技术领域 technical field

本发明涉及的是一种水声定位技术，具体涉及一种水下非合作高速运动目标轨迹的分布式浮标阵高帧率水声定位方法。The invention relates to an underwater acoustic positioning technology, in particular to a distributed buoy array high frame rate underwater acoustic positioning method for the trajectory of an underwater non-cooperative high-speed moving target.

背景技术 Background technique

受水声信道带宽窄、信号传播速度慢、界面多途及声线弯曲等诸多不利因素的制约，对水下目标进行高精度的定位导航较之陆地和空中目标要困难得多。而空间分布式浮标阵水声定位系统为水下目标高精度三维定位提供了必要的技术手段。Restricted by many unfavorable factors such as narrow bandwidth of underwater acoustic channel, slow signal propagation speed, multiple interfaces, and sound ray bending, it is much more difficult to locate and navigate underwater targets with high precision than land and air targets. The spatially distributed buoy array underwater acoustic positioning system provides the necessary technical means for high-precision three-dimensional positioning of underwater targets.

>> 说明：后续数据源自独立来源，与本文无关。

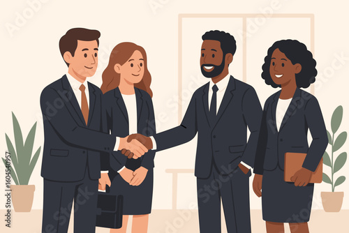 Business partnership handshake. Diverse teams making a deal and agreement in the office. Corporate collaboration and success. Working together concept. Vector illustration.
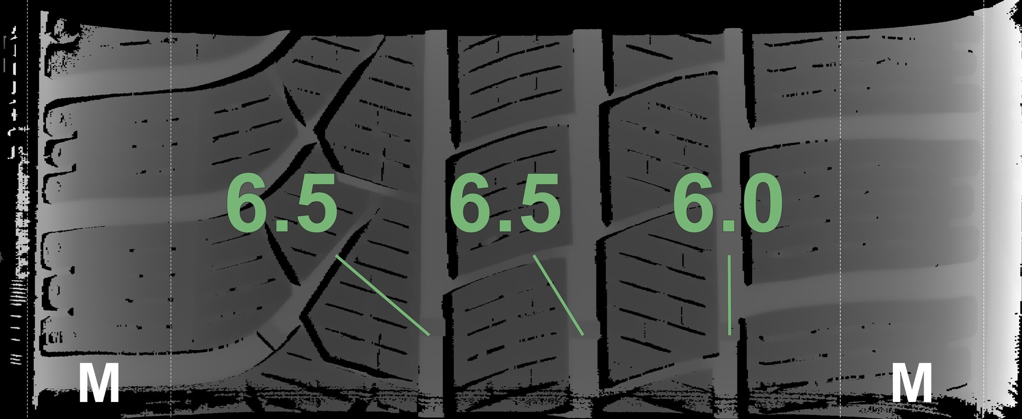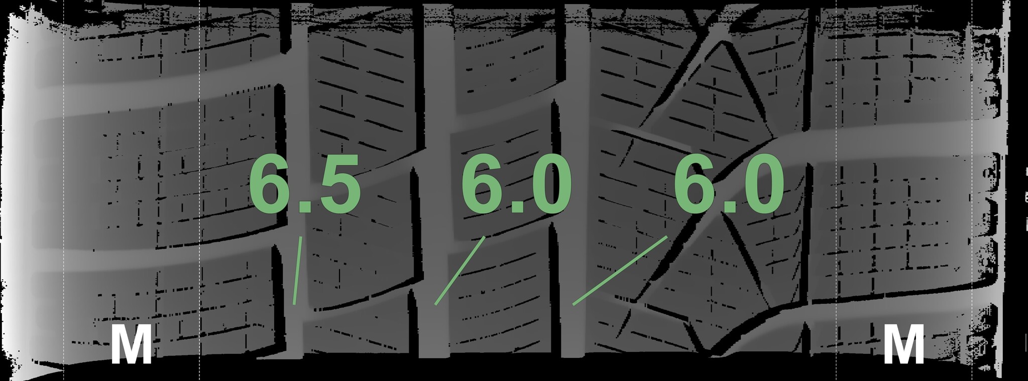 | Condition | Profile depth | DOT | Front Right | Used | 6.0 mm | 3724 |
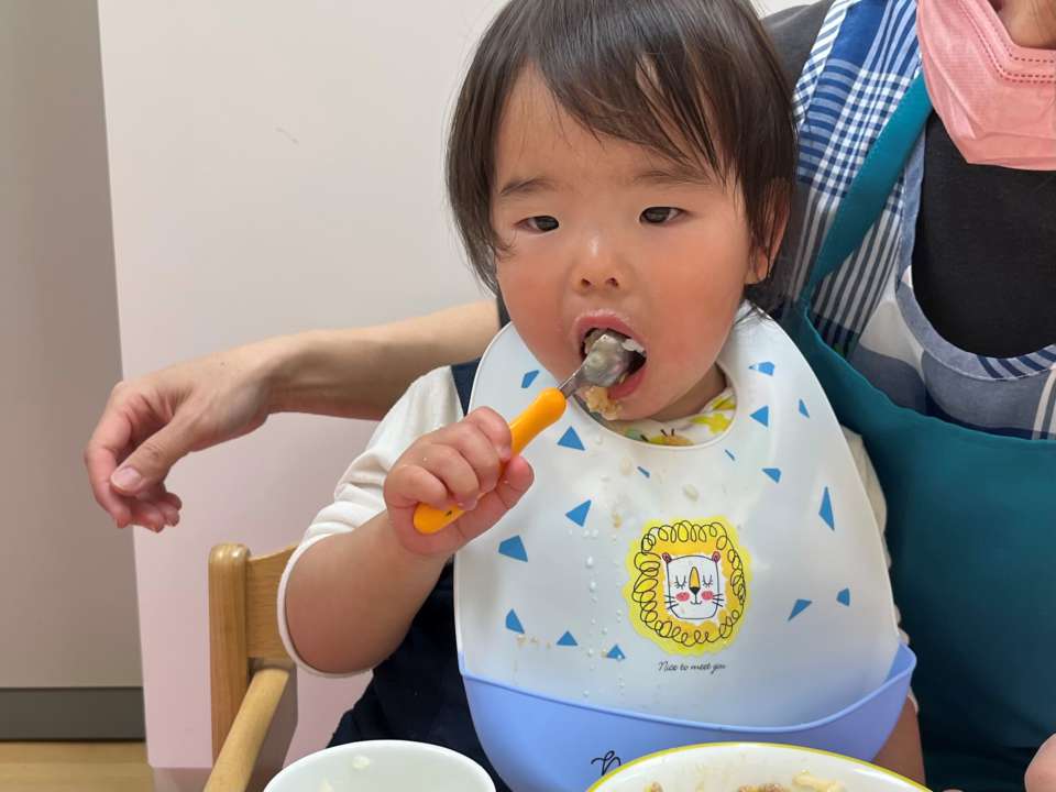 そして自分で食べる意欲も育っています。上手にスプーンを使う姿に驚かされます。
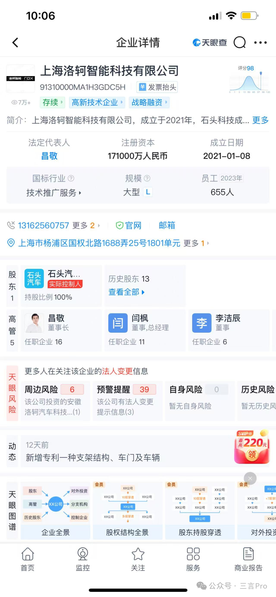 天眼查显示,极石汽车关联公司上海洛轲智能科技有限公司注册资本17.1亿元,法定代表人为昌敬,由石头汽车(香港)有限公司全资持股。
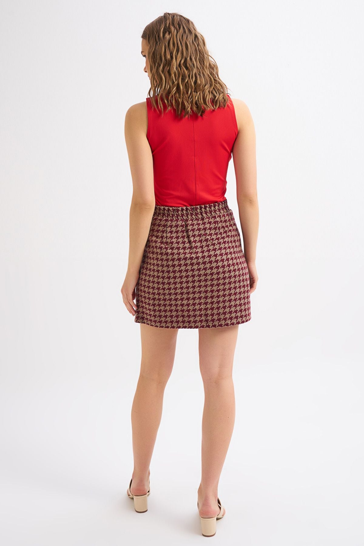Patterned Mini Skirt Claret Red
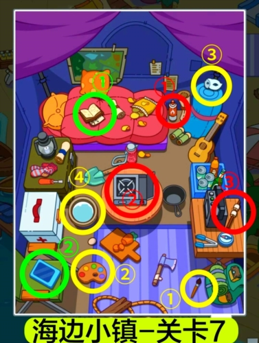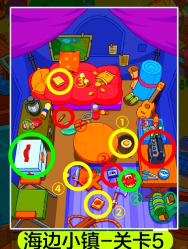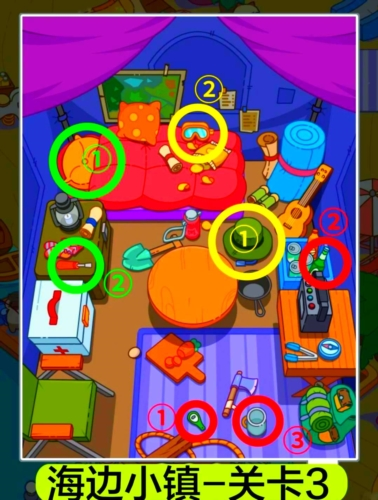 2.关卡3酒吧挑战:红圈处,用开瓶器开啤酒倒进杯子;黄圈处,将帽子下的呼吸管组合成潜水镜;绿圈处,用螺丝刀撬开枕头下的贝壳取珍珠。
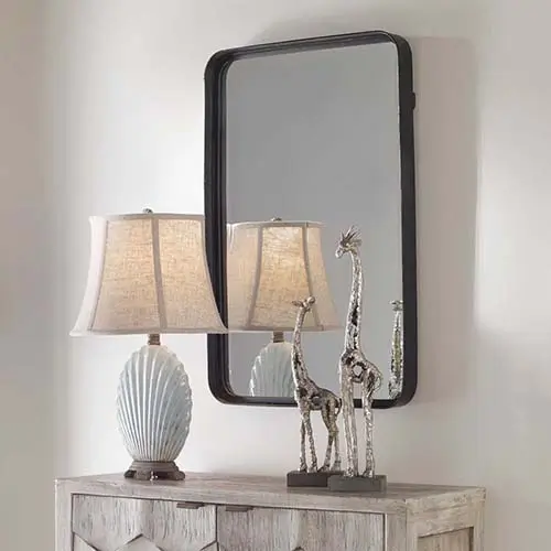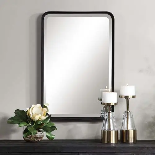 This vanity mirror’s satin black-finished forged metal strap gives it a versatile appearance. The Crofton Black mirror may be hung either vertically or horizontally, and it has a 1 1/4″ bevel.
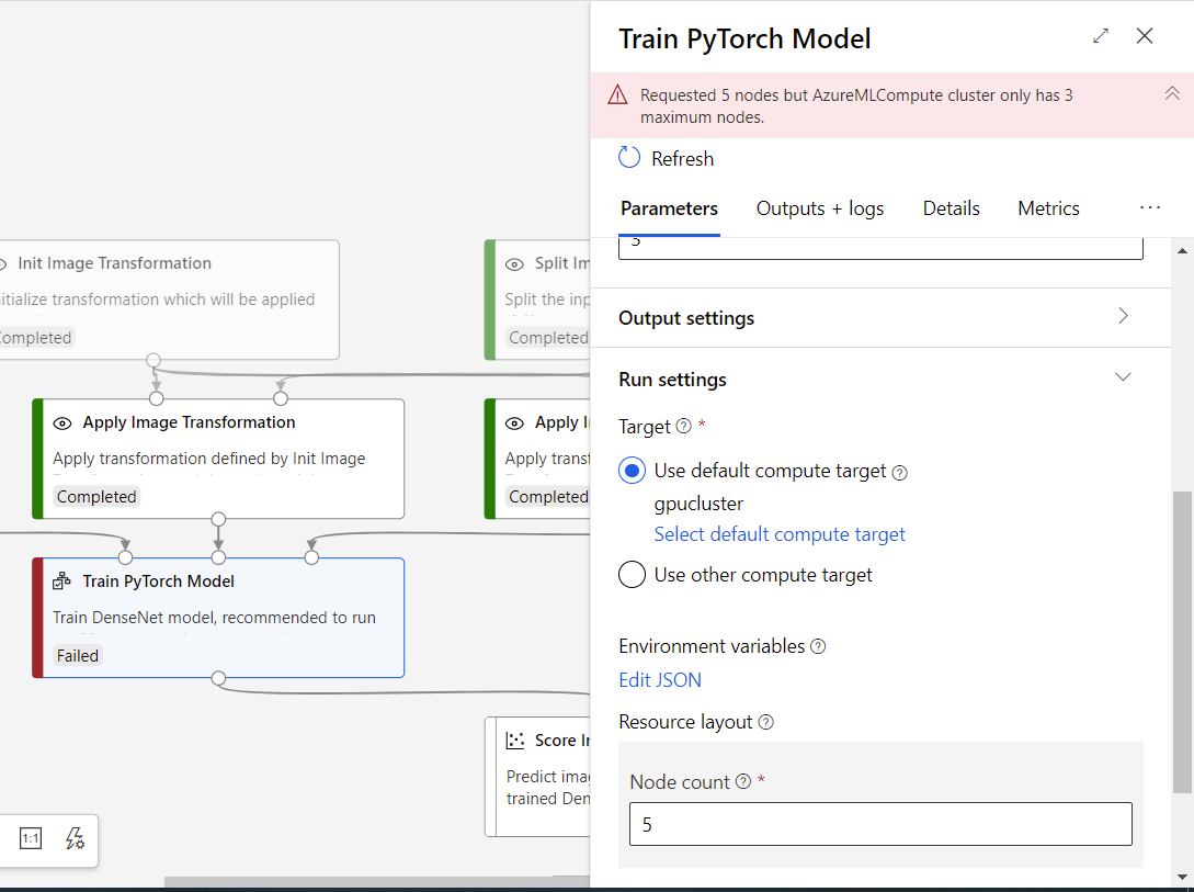 The following example shows that the Node count of run settings is larger than available node count of compute cluster.
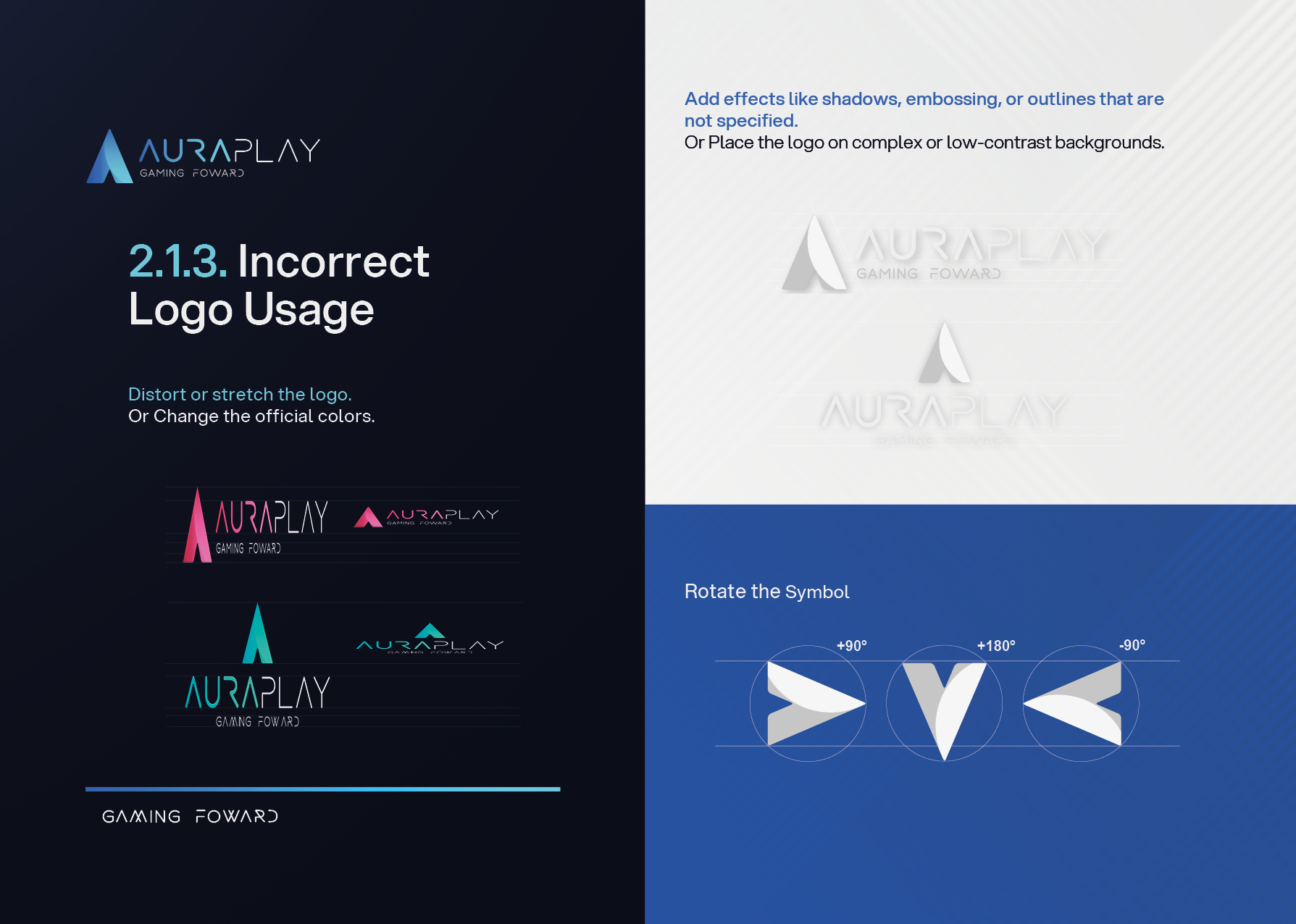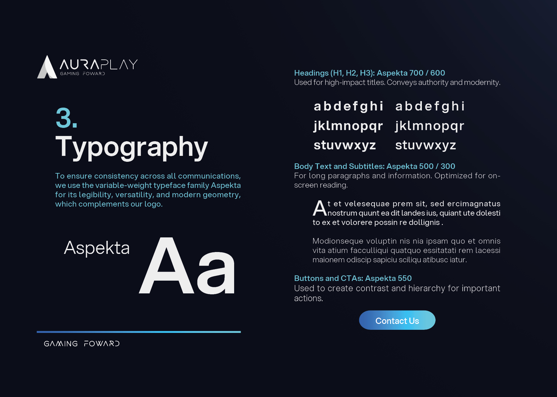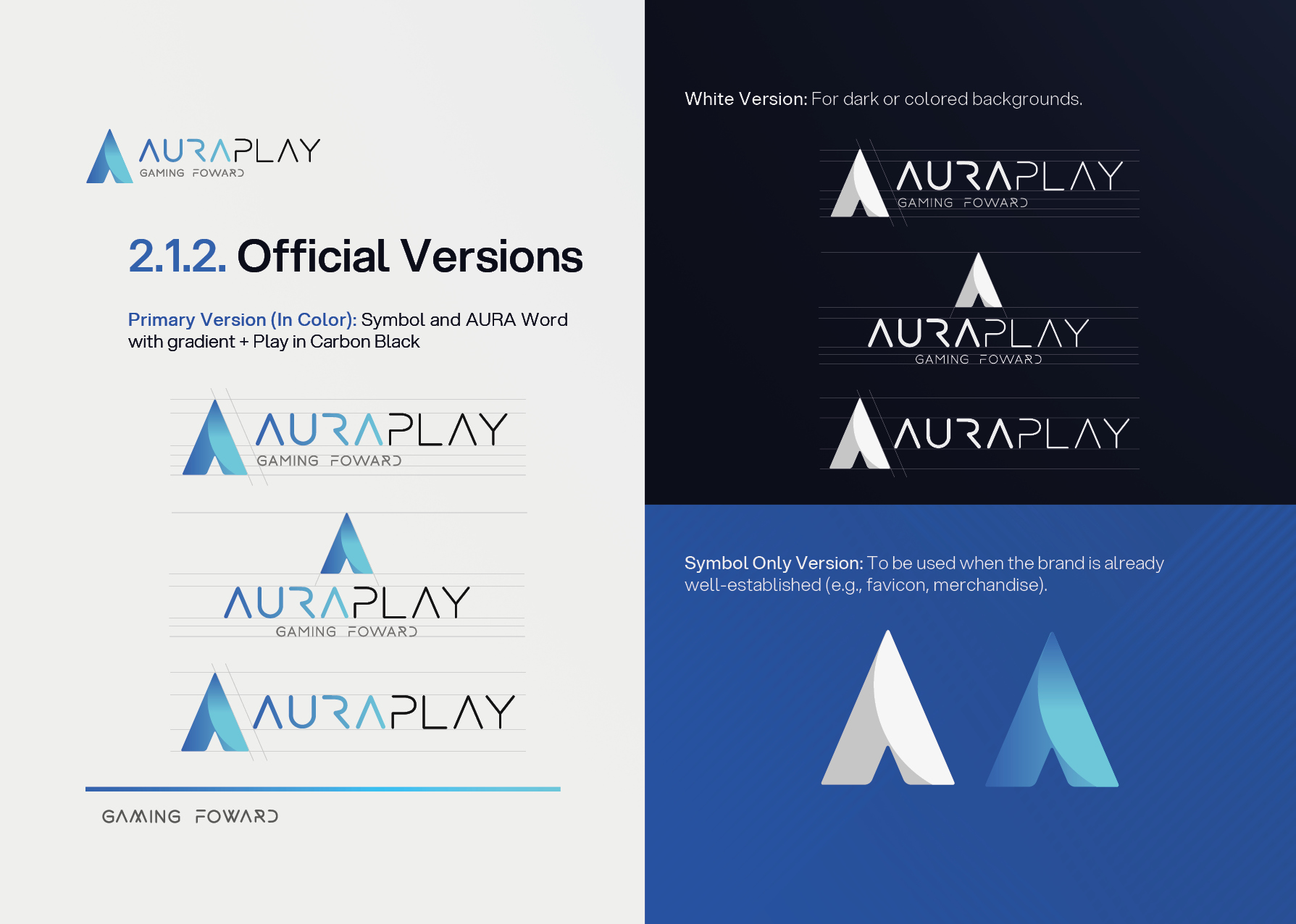 Logo: Se creó un logotipo versátil que combina un símbolo de «triángulo de play» con un efecto de «aura», representando acción e inmersión. Se definieron versiones primarias, en blanco y de solo símbolo, junto con pautas estrictas de uso para proteger su integridad.

对于水下合作目标，现有的水声定位系统多采用同步工作方式([1]THOMSON D，ELSONS.New generation acoustic positioning systems.Oceans’02MTS/IEEE，2002，3：1312-1318)，也即在每次测量前，被测声源的时钟(安装在运动目标上)与接收系统需进行同步对时。同步对时虽可达到很高的精度，但同步系统对声源和接收系统时钟的稳定度要求均较高。有限的时钟稳定度不仅会导致时钟偏差累积，还容易因外界随机强脉冲干扰而引起时钟扰动偏差，进而影响系统定位精度。而异步工作方式不要求声源和接收系统精确对时，在阵内可达到与同步系统相媲美的定位精度([2]KOZICK R J，SADLER B M.Source localization withdistributed sensor arrays and partial spatial coherence.IEEE Transactions on SignalProcessing，2004，52(3)：601-616)，因而适用范围更加广泛。For underwater cooperation targets, the existing underwater acoustic positioning systems mostly adopt synchronous working mode ([1] THOMSON D, ELSONS. New generation acoustic positioning systems. Oceans'02MTS/IEEE, 2002, 3: 1312-1318), namely Before each measurement, the clock of the measured sound source (installed on the moving target) and the receiving system need to be synchronized. Although synchronous time synchronization can achieve very high precision, the synchronization system has high requirements on the stability of the sound source and the receiving system clock. The limited clock stability will not only lead to the accumulation of clock deviation, but also easily cause clock disturbance deviation due to external random strong pulse interference, which will affect the positioning accuracy of the system. The asynchronous working mode does not require accurate timing of the sound source and the receiving system, and can achieve positioning accuracy comparable to that of the synchronous system within the array ([2] KOZICK R J, SADLER B M. Source localization with distributed sensor arrays and partial spatial coherence. IEEE Transactions on Signal Processing, 2004, 52(3): 601-616), so the scope of application is wider.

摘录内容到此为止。